GitHub Actions¶
GitHub Actions are automation scripts that can be configured to run in response to triggered events in online GitHub repositories.
A wide range of triggering events are available, including manual triggering, push and pull requests, releases, issue related events, and schedule based cron
triggers.
whilst actions can be constructed from scratch, a wide range of predefined, and free, third party actions are available on the GitHub Marketplace.
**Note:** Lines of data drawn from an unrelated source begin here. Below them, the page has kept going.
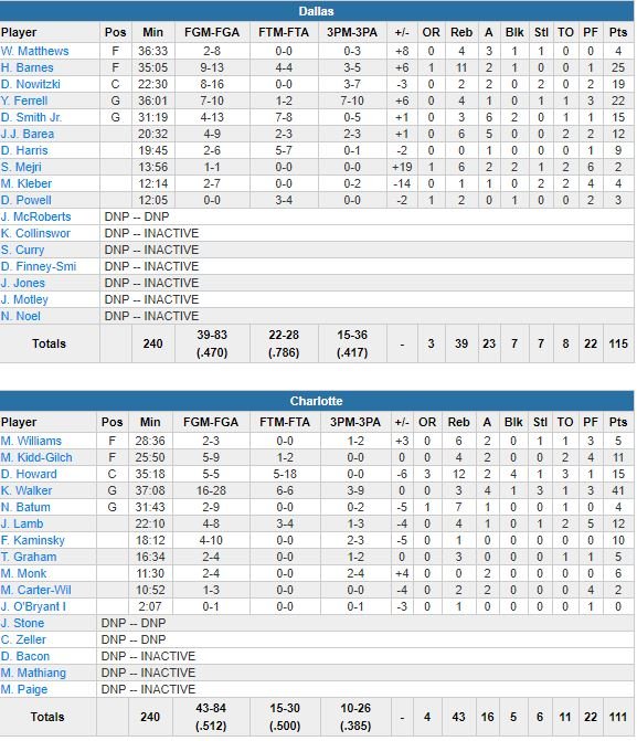 Dwight Howard signe 15 points et 12 rebonds mais handicape lourdement son équipe avec son 5/18 aux lancers-francs. Avant ce match, Charlotte sortait d’un repos de 4 jours, alors que les Mavs jouaient eux leur 3ème match en 4 jours. Menés de 6 points à l’entame du dernier quart, les Hornets ont réussi à égaliser à 9 minutes de la fin sur un 3-points de Jeremy Lamb. Mais l’équipe ne parviendra jamais à passer devant.
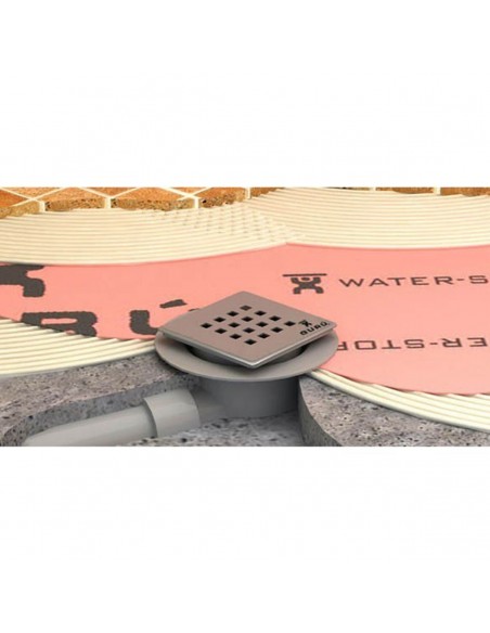 Está formado por un sumidero sifónico de perfil bajo, una pieza de lámina impermeable WATER-STOP unida y sellada de fábrica a un adaptador especial para su conexión al sumidero y por una rejilla de acero inoxidable con cazoleta de ABS.
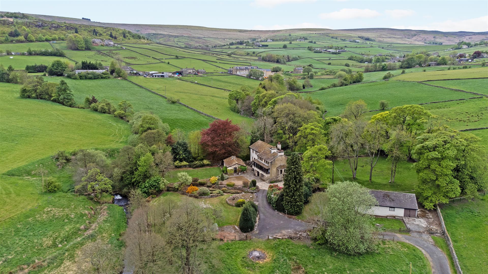 - THREE LAWNED GARDENS WITH STREAM AND BRIDGES
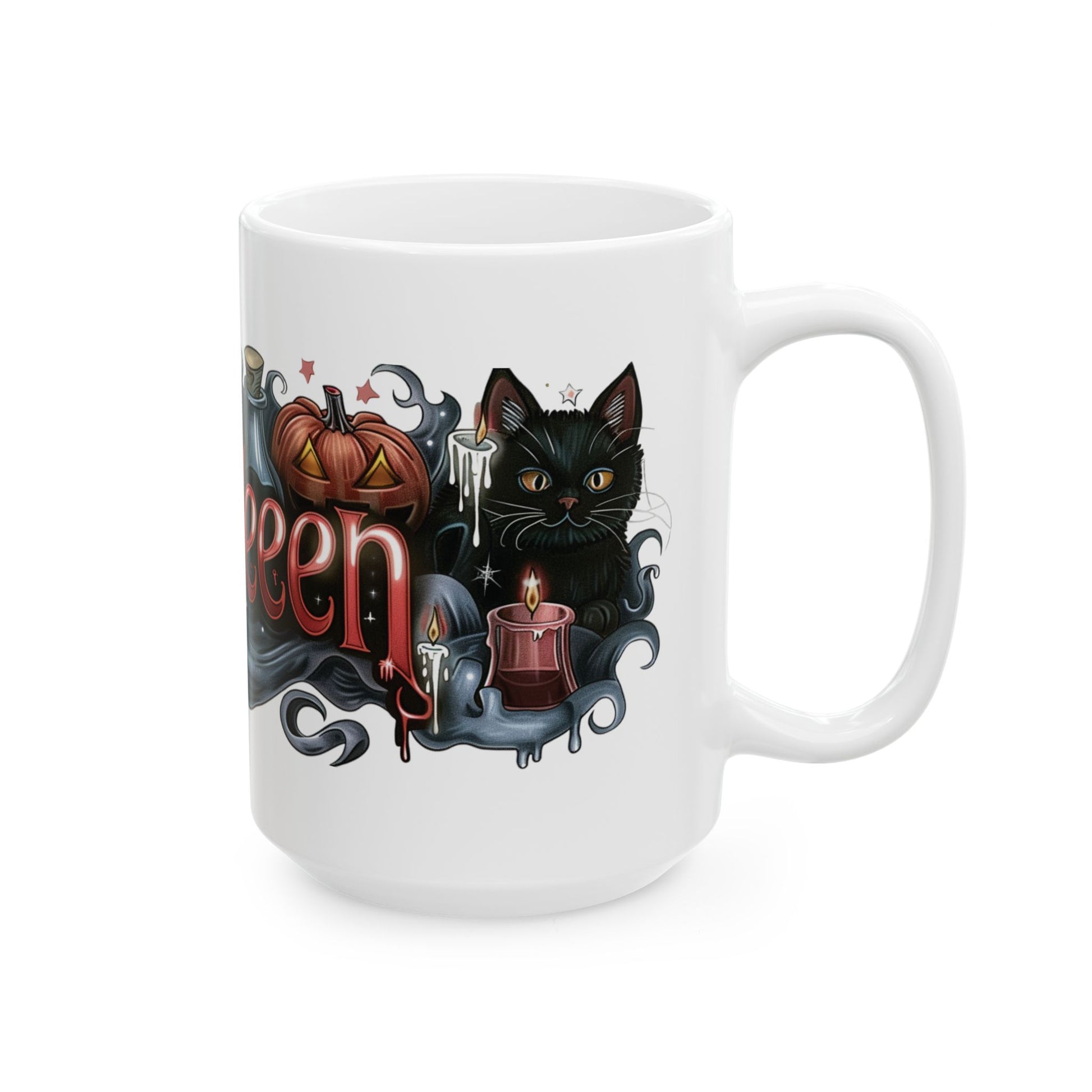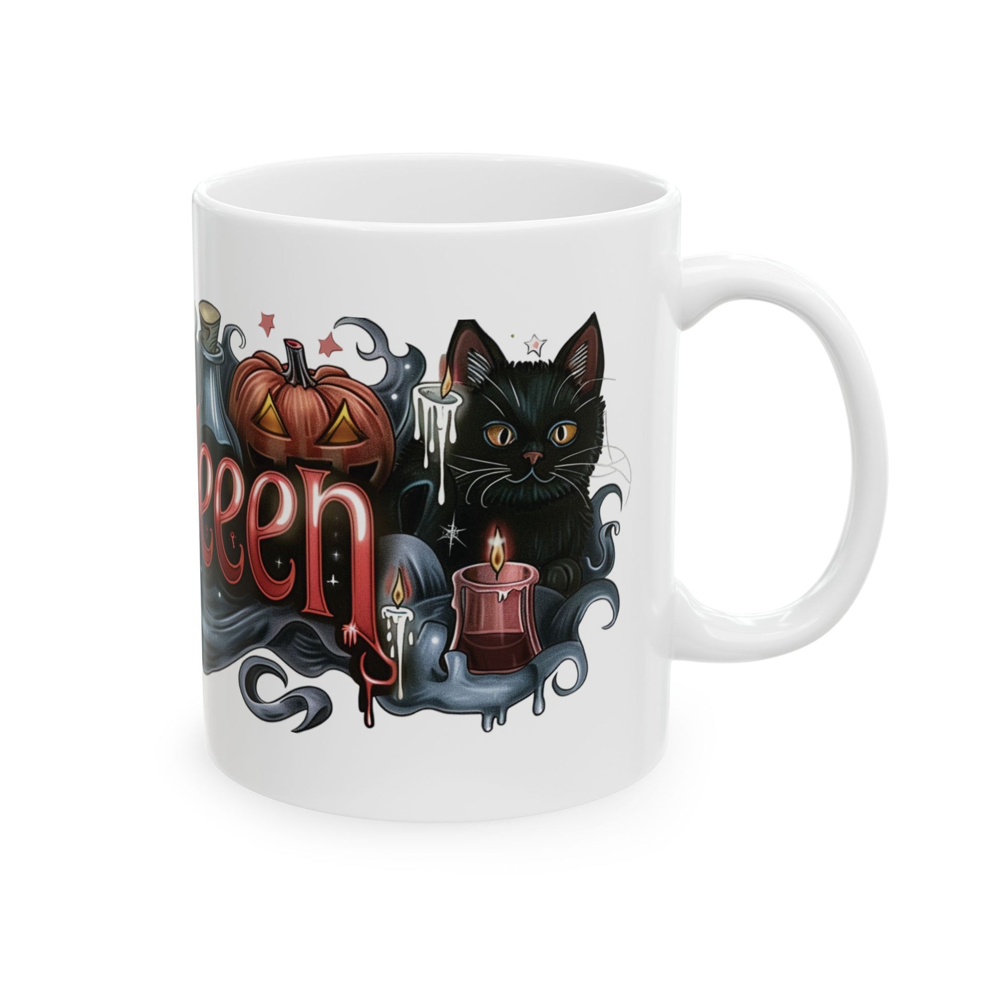 Spooky Kawaii Halloween mug that brings a fun and cute vibe to your morning coffee routine. Perfect for Halloween enthusiasts or anyone who loves kawaii designs. Great for celebrating Halloween or adding a touch of whimsy to your day.
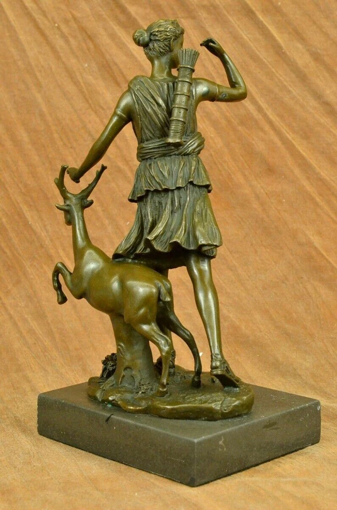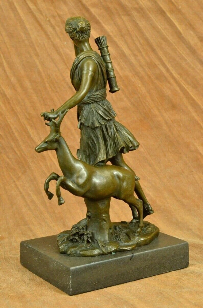 Signed Cast Bronze Diana The Huntress Art Deco Nude Sculpture Statue Mythical Signed Cast Bronze Diana The Huntress Art Deco Nude Sculpture Statue Mythical Condition : This sculpture is in perfect condition. Bronze Dimensions with Marble Base: Height 12" x Width 7 " Marble Dimensions: 7" X 5" Height without base: 11" Weight: 10 LBS Inventory: 90YRD9465709 Honoring the revered goddess of the hunt, woodland, and the moon, this sculpture pays homage to Diana, also known as Diana Nemorensis or Artemis. A goddess worshipped in various forms across ancient cultures, she held sway over the realms of animals and the wilderness. Shrines dedicated to Diana still stand in places like Capua and Aricia near Rome, with her sanctuary at Lake Nemi earning her the title Diana Nemorensis, emphasizing her connection to the woods. This bronze masterpiece captures the essence of the beloved goddess, depicting her wielding a mighty spear while standing atop a wild boar. Her flowing dress flutters in the wind, revealing her curvaceous and voluptuous form, her hair cascading wildly as she exudes both strength and femininity. Crafted with meticulous attention to detail, this 100% handmade bronze sculpture embodies the rich symbolism associated with Diana. The brown patina finish, achieved through the revered "Lost Wax Method," not only enhances the sculpture's aesthetic appeal but also serves as a testament to the precision and artistry involved in its creation. Mounted on a sleek black marble base, the sculpture becomes a striking centerpiece, inviting viewers to contemplate the timeless qualities of beauty, strength, and chastity that Diana represents. Bearing the signature of the esteemed artist Pierre le Faguays, this sculpture is more than a representation of a goddess; it is a celebration of feminine power and resilience throughout history. Diana has transcended the boundaries of mythology to become a symbol of empowerment and femininity. Over time, she has garnered recognition as a feminist figure, embodying beauty, strength, and chastity. This bronze portrayal, with its intricate details and expert craftsmanship, stands as a tribute to the enduring allure and significance of Diana, inviting observers to connect with the timeless qualities embodied by this revered goddess. Art Deco Artemis Diana the Hunter Huntress with Stag Deer Bronze Sculpture Statue YRD-946 Video will open in a new window Using the eBay App? Paste link into a browser window: [isdntekvideo] Shipping Terms : Most of our items are shipped via USPS (United States Postal Service) mail or UPS. Most orders are shipped within 24-48 hours of purchase. Please be aware that not all items are available for USPS shipping due to size and weight. We do ship to Hawaii, Alaska, Canada, Puerto Rico, APO/AE, and U.S. Virgin Islands, however, an additional charge may be required. Please contact us before making any purchases in these areas. For Non-USA customers, you may be responsible for all duty, tax, brokerage fees that may be due upon delivery (shipping costs cover freight charges only). We also ship internationally. Please refer to the "Shipping and Handling" chart for the rates for each area. Payment : We accept just about any form of payment. PayPal, Master Card, Visa or American Express credit cards. Money orders, cashiers checks, and even personal or business checks. For governmental institutions, we will also accept a purchase order. Please understand that for personal or business checks we have to wait for the check to clear (usually 7 days) before shipping. Condition : New Detailed Hand Crafted Hot Cast Bronze Satisfaction Guaranteed. This is Stock Photo, Slight Color Variation!! Listing and template services provided by inkFrog
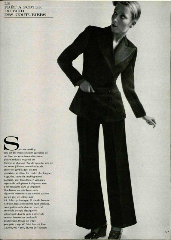 Gabrielle Chanel challenged this, proposing elegant tailoring that remained comfortable, using soft fabrics like jersey and tweed. In the 60s, tailoring evolved again: Courrèges introduced futuristic silhouettes, while Yves Saint Laurent created the iconic women's tuxedo, the smoking, directly inspired by men’s eveningwear.
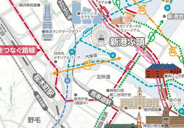 横浜市では、横浜都心臨海部の回遊性を高めるため、2015(平成27)年に「横浜市都心臨海部再生マスタープラン」を策定。
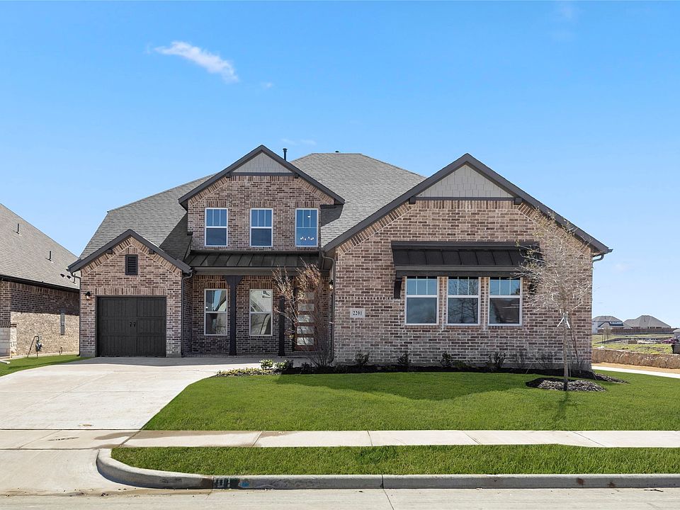 MLS# 20816229 - Built by RockWell Homes - Ready Now! ~ Reduced 5.25% fixed rate Rembrandt new home design offers a blend of elegance and practicality, featuring 4 bedrooms, 3 bathrooms, 2 powder baths, a home office, gameroom, powder room upstairs and complemented by a spacious 3-car garage. The stunning exterior boasts ACME brick, metal accent roofs, an 8-foot front door, a covered porch, wood garage doors, and a covered backyard patio, setting an impressive tone. Inside, the foyer with soaring ceilings and an open staircase leads to a versatile home office and a private guest suite on the first floor. The open-concept living and kitchen area is designed as the heart of the home, featuring a large center island, abundant solid surface countertops, GE stainless steel appliances, including a gas cooktop, built-in oven, microwave, and dishwasher. Additional kitchen highlights include 42-inch cabinets, upgraded flooring, an undermount sink, butler's pantry cabinets, a large walk-in pantry, a Delta faucet, and recessed can lighting. The living area, enhanced by multiple dual-pane energy-efficient windows, includes a gas fireplace, over-sized glass sliding door that opens to the covered patio and provides views of the backyard. The private primary suite, strategically located at the back of the home, offers dual vanity sinks with solid surface countertops, a freestanding garden tub, a ceramic tile shower with a semi-frameless glass enclosure, ceramic tile flooring, Delta faucets, linen closet & large walk-in closet. Upstairs, the home features an oversized gameroom, secondary bedrooms with a Jack and Jill bathroom, and powder bathroom. Additional features of the home include a full sprinkler system, a fully fenced private backyard, full gutters, ceramic tile flooring, dual-pane energy-efficient windows, 8-foot doors, energy-efficient HVAC, landscaping package & garage door openers, ensuring both style and functionality!

These can be combined with your own action scripts or commands to define an automated workflow.
For example, an off-the-shelf action might be used to identify whether files of a particular type have been modified in a particular push or pull request, before deciding whether to run the rest of the action. This can be useful if you want to limit an action to only run if .ipynb
notebook documents have been recently modified.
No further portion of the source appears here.